What is a scalar function? A scalar function is passed one or more parameters and returns a single value.
The syntax is very simple:
QSYS2.SQL_CHECK_AUTHORITY(library,file) |
It returns one of the following values:
- 0 = Not authorized to file
- 1 = Authorized to file
What kinds of files can this check? There are many types of files, the ones that came to my mind to try were:
- Physical files
- Logical files
- Display files
- Printer files
- DDM files
- DDL (SQL) tables
- DDL (SQL) indexes
- DDL (SQL) views
I created one of each of these files in my library, MYLIB, and changed the authority that only I was authorized to them and everyone else was excluded. I can check the objects authority using the OBJECT_PRIVILEGES SQL View.
SELECT OBJECT_NAME AS "File", SQL_OBJECT_TYPE AS "SQL type", AUTHORIZATION_NAME AS "User", OBJECT_AUTHORITY AS "Authority" FROM QSYS2.OBJECT_PRIVILEGES WHERE OBJECT_SCHEMA = 'MYLIB' AND SYSTEM_OBJECT_NAME LIKE 'TEST%' AND OBJECT_TYPE = '*FILE' |
The results show two lines for each object, one for each user profile that is authorized to the object.
File SQL type User Authority --------- -------- ------- --------- TESTDDMF - *PUBLIC *EXCLUDE TESTDDMF - SIMON *ALL TESTDSPF - *PUBLIC *EXCLUDE TESTDSPF - SIMON *ALL TESTINDEX INDEX *PUBLIC *EXCLUDE TESTINDEX INDEX SIMON *ALL TESTLF - *PUBLIC *EXCLUDE TESTLF - SIMON *ALL TESTPF - *PUBLIC *EXCLUDE TESTPF - SIMON *ALL TESTPRTF - *PUBLIC *EXCLUDE TESTPRTF - SIMON *ALL TESTTABLE TABLE *PUBLIC *EXCLUDE TESTTABLE TABLE SIMON *ALL TESTVIEW VIEW *PUBLIC *EXCLUDE TESTVIEW VIEW SIMON *ALL |
If I use my favorite SQL client I can check whether my user profile, SIMON, is authorized to one of these files:
VALUES QSYS2.SQL_CHECK_AUTHORITY('MYLIB','TESTPF') |
The returned result says I am:
0001 ---- 1 |
When I signon with another user profile, NOTSIMON, and execute the same statement as before a result of 0 (zero) is returned which indicates that I am not authorized to the file.
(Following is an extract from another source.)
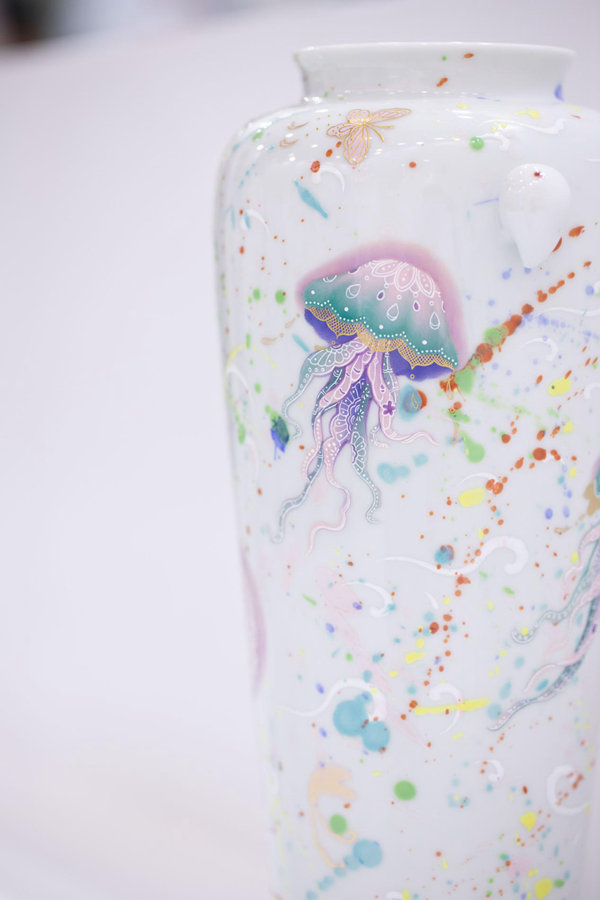 “这个工艺不仅解决了传统粉彩不能做到的多颜色立体叠加的问题,更加强了颜色搭配后的立体效果,是技术上的一次新突破。”余寅说。

If I wanted to test for all of the file types I mentioned above I could do it in one statement:
SELECT QSYS2.SQL_CHECK_AUTHORITY('MYLIB','TESTPF') AS "PF", QSYS2.SQL_CHECK_AUTHORITY('MYLIB','TESTLF') AS "LF", QSYS2.SQL_CHECK_AUTHORITY('MYLIB','TESTTABLE') AS "TABLE", QSYS2.SQL_CHECK_AUTHORITY('MYLIB','TESTVIEW') AS "VIEW", QSYS2.SQL_CHECK_AUTHORITY('MYLIB','TESTINDEX') AS "INDEX", QSYS2.SQL_CHECK_AUTHORITY('MYLIB','TESTDDMF') AS "DDMF", QSYS2.SQL_CHECK_AUTHORITY('MYLIB','TESTDSPF') AS "DSPF", QSYS2.SQL_CHECK_AUTHORITY('MYLIB','TESTPRTF') AS "PRTF" FROM SYSIBM.SYSDUMMY1 |
If I am signed on as SIMON my results look like:
PF LF TABLE VIEW INDEX DDMF DSPF PRTF -- -- ----- ---- ----- ---- ---- ---- 1 1 1 1 1 1 1 1 |
If any other profile is used the results are all zeroes.
When I use this Scalar Function I do have to give the library name, not '*LIBL', blank, or null, if I use those I am returned a zero.
This is all fine and dandy but how about using it in a more real world, useful scenario. In the following example I have a procedure, in a module, which I can bind to a program to check if I am authorized to a file.
The is the source code for my procedure:
01 **free 02 ctl-opt nomain option(*srcstmt) ; 03 /copy devsrc,copybook 04 dcl-proc CheckFileAuthority export ; 05 dcl-pi *n packed(3) ; 06 File char(10) const ; 07 Lib char(10) const ; 08 end-pi ; 09 dcl-s wkStatus packed(3) ; 10 exec sql SET :wkStatus = QSYS2.SQL_CHECK_AUTHORITY(:Lib,:File) ; 11 if (wkStatus = 1) ; //Authorized to file 12 return 0 ; 13 else ; 14 return -1 ; 15 endif ; 16 end-proc ; |
Line 1: Totally free RPG is now four years old.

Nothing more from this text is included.